[STORED DATA]

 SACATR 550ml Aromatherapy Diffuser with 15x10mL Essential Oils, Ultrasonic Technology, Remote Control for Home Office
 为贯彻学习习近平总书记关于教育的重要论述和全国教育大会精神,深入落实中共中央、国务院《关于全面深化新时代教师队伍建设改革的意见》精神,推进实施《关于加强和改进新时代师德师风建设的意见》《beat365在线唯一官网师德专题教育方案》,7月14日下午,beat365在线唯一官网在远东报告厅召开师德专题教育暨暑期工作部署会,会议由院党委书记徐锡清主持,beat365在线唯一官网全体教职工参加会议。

[/STORED DATA]
[STORED DATA]

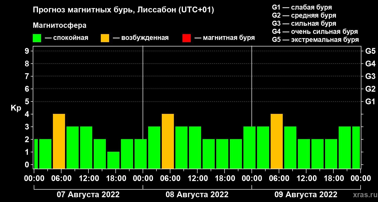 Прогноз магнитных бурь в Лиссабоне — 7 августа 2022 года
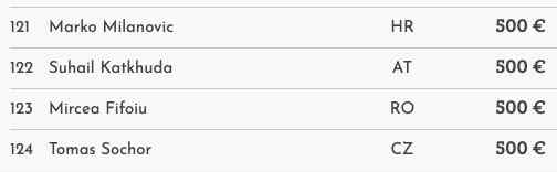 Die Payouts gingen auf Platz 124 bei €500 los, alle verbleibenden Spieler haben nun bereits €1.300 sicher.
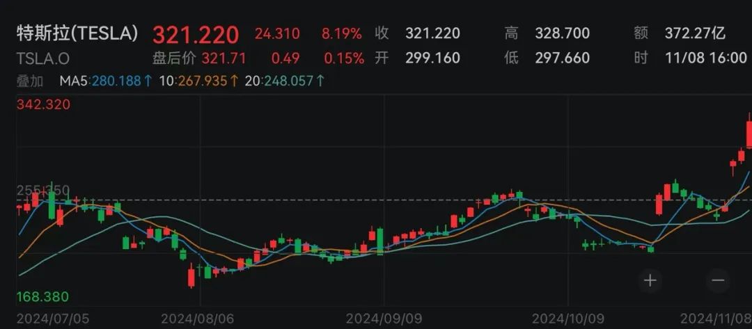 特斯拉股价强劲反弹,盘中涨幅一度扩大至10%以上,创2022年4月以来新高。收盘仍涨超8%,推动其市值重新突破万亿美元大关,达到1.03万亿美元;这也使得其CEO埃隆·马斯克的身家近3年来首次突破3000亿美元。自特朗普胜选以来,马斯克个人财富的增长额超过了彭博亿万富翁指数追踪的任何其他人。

[/STORED DATA]
[STORED DATA]

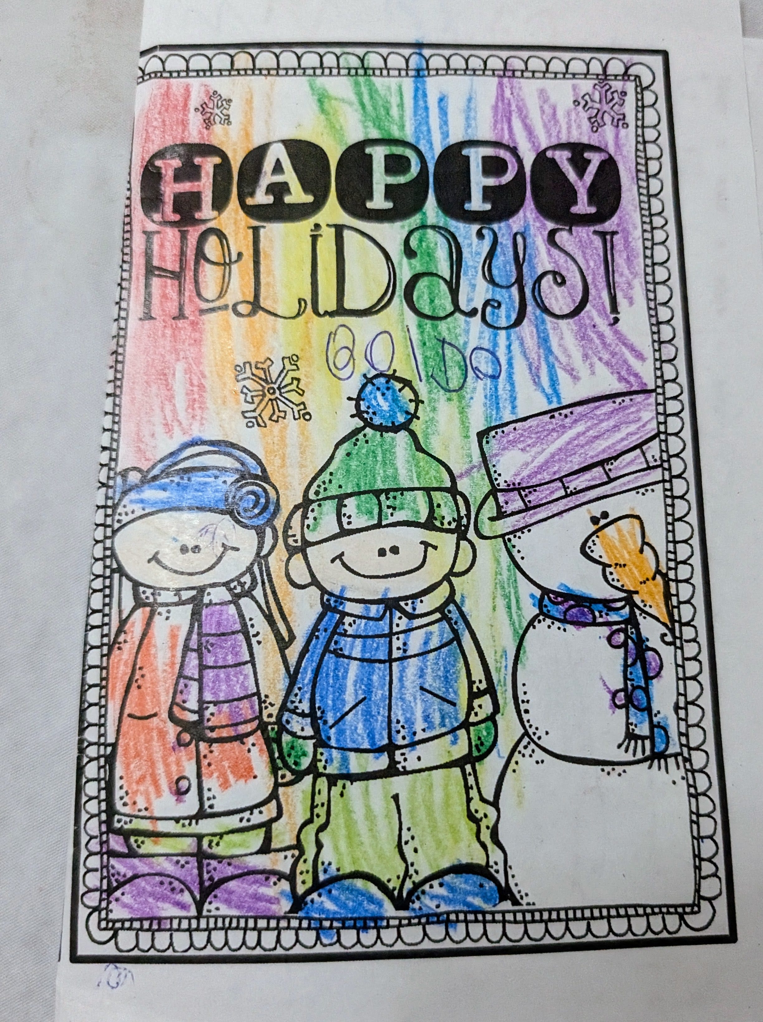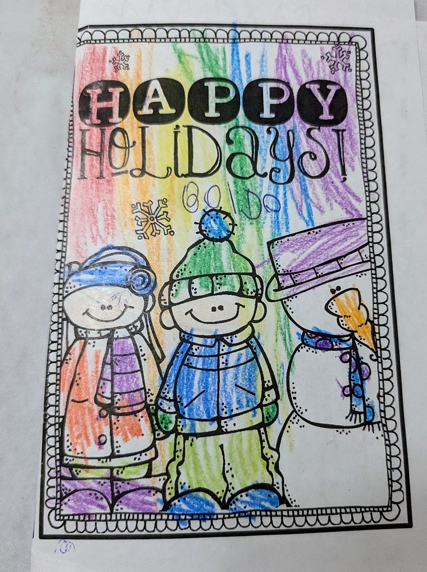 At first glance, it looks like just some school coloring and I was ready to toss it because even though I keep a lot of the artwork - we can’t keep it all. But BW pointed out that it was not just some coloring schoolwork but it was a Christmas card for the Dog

[/STORED DATA]

[WHAT YOU WILL DO]:
Repeat exactly the stretch of the listing above that starts with the line holding "Прогноз магнитных бурь" and finishes with the line holding "特斯拉股价强劲反弹,盘中涨幅", both included. Skip every picture.

[ANSWER TO THIS TASK]:
 Прогноз магнитных бурь в Лиссабоне — 7 августа 2022 года
 Die Payouts gingen auf Platz 124 bei €500 los, alle verbleibenden Spieler haben nun bereits €1.300 sicher.
 特斯拉股价强劲反弹,盘中涨幅一度扩大至10%以上,创2022年4月以来新高。收盘仍涨超8%,推动其市值重新突破万亿美元大关,达到1.03万亿美元;这也使得其CEO埃隆·马斯克的身家近3年来首次突破3000亿美元。自特朗普胜选以来,马斯克个人财富的增长额超过了彭博亿万富翁指数追踪的任何其他人。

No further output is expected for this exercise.